Cognitive-behavioral therapy for binge eating disorder also involves education about nutrition, healthy weight loss, and relaxation techniques” (Smith). Cognitive-behavioral therapy teaches patients techniques to monitor and change their eating habits as well as to change the way they respond to difficult situations” (Matthews 80). There are several helpful ways to avoid binge eating disorder according to Smith. “One of the most important aspects of controlling binge eating is to find alternate ways to handle stress and other overwhelming feelings without using food. These may include exercising, meditating, using sensory relaxation strategies, and practicing simple breathing exercises” (Smith).

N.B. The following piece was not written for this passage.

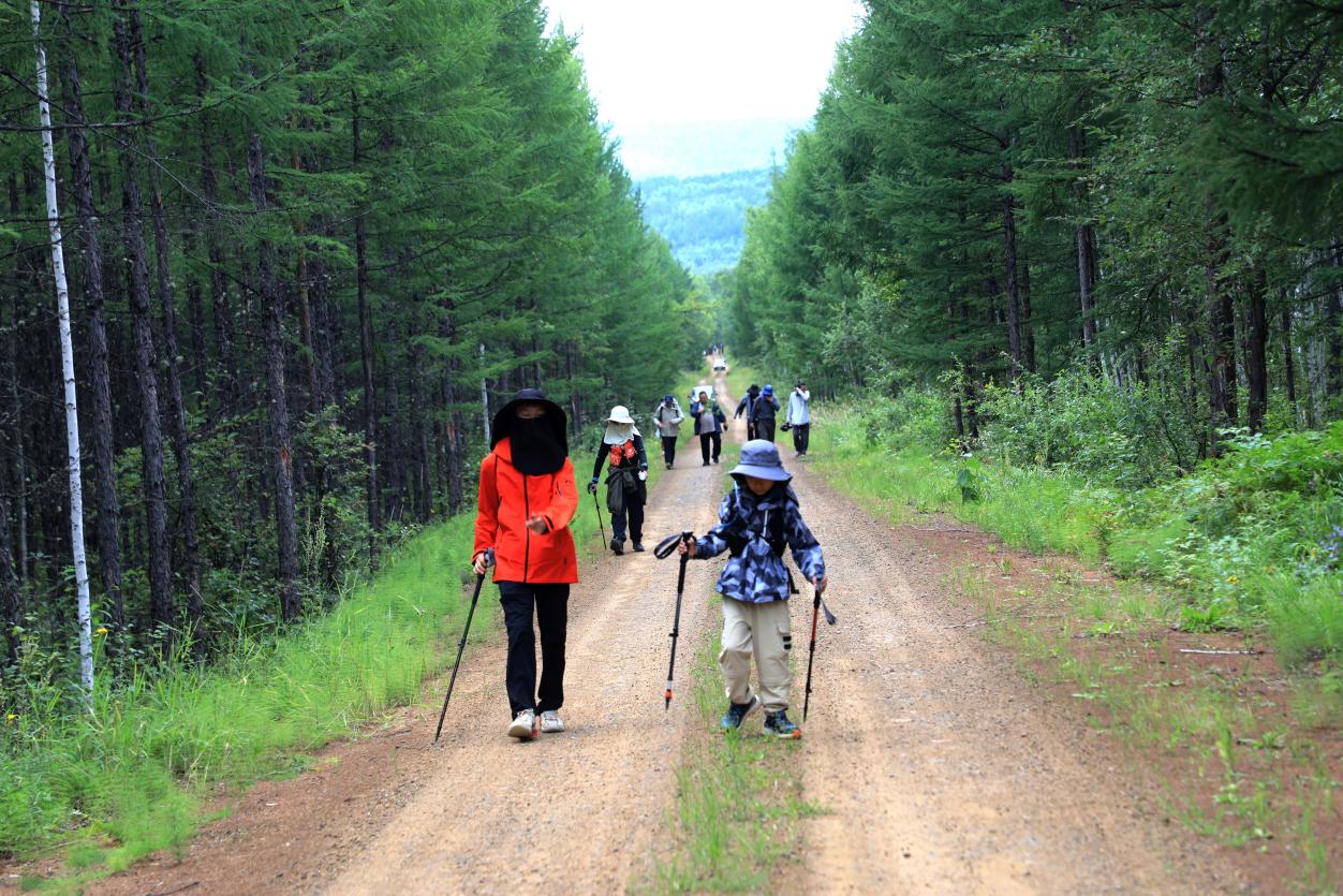 雷殿生“探索營”親子團成員徒步在阿木爾林業(yè)局1—21線(王力 攝)

Eat three meals a day plus ealthy snacks, one should eat breakfast to jump start one’s metabolism in the morning and follow breakfast with a balanced lunch and dinner and healthy snacks in between; stick to scheduled mealtimes because skipping meals often leads to binge eating later in the day” (Smith). “Avoid temptation; one is much more likely to overeat if one has junk food, desserts, and unhealthy snacks in the house. Remove the temptation by clearing the fridge and cupboards of any favorite binge foods” (Smith). “Stop dieting, the deprivation and hunger of strict dieting can trigger food cravings and the urge to overeat. Instead of dieting, focus on eating in moderation, such as finding nutritious foods that one enjoys and eats only until one feels content and not uncomfortably stuffed.
Avoid banning certain foods as this can make a person crave them even more” (Smith). Exercise will not only help one lose weight in a healthy way, but it also lifts depression, improves overall health, and reduces stress. The natural mood-boosting effects of exercise can help put a stop to emotional eating” (Smith). “Instead of snacking when one is bored, distract oneself by taking a walk, calling a friend, reading, or taking up a hobby such s painting or gardening” (Smith). “Get enough sleep; if one is tired, one may want to keep eating in order to boost energy, or take a nap or go to bed earlier instead” (Smith). “One should listen to his or her body and learn to distinguish between physical and emotional hunger. If one has eaten recently and does not have a rumbling stomach, one is probably not hungry; give the craving time to pass” (Smith).
Get support: a person is more likely to succumb to binge eating triggers if one lacks a solid support network. Talking helps, even if it is not with a rofessional; one can lean on family and friends to join a support group, and if possible consult a therapist” (Smith). So as one eats his or her delicious holiday feast this year do not think because one’s pants seem to be busting at the seams that one is a binge eater. That eating behavior seems to be normal for this time of year. A binge eater follows characteristics of binge eating disorder. If one suspects a loved one is a binge eater follow the characteristics and find help. There are multiple ways of help for a binge eater, but do not let one suffer alone in his or her binge eating.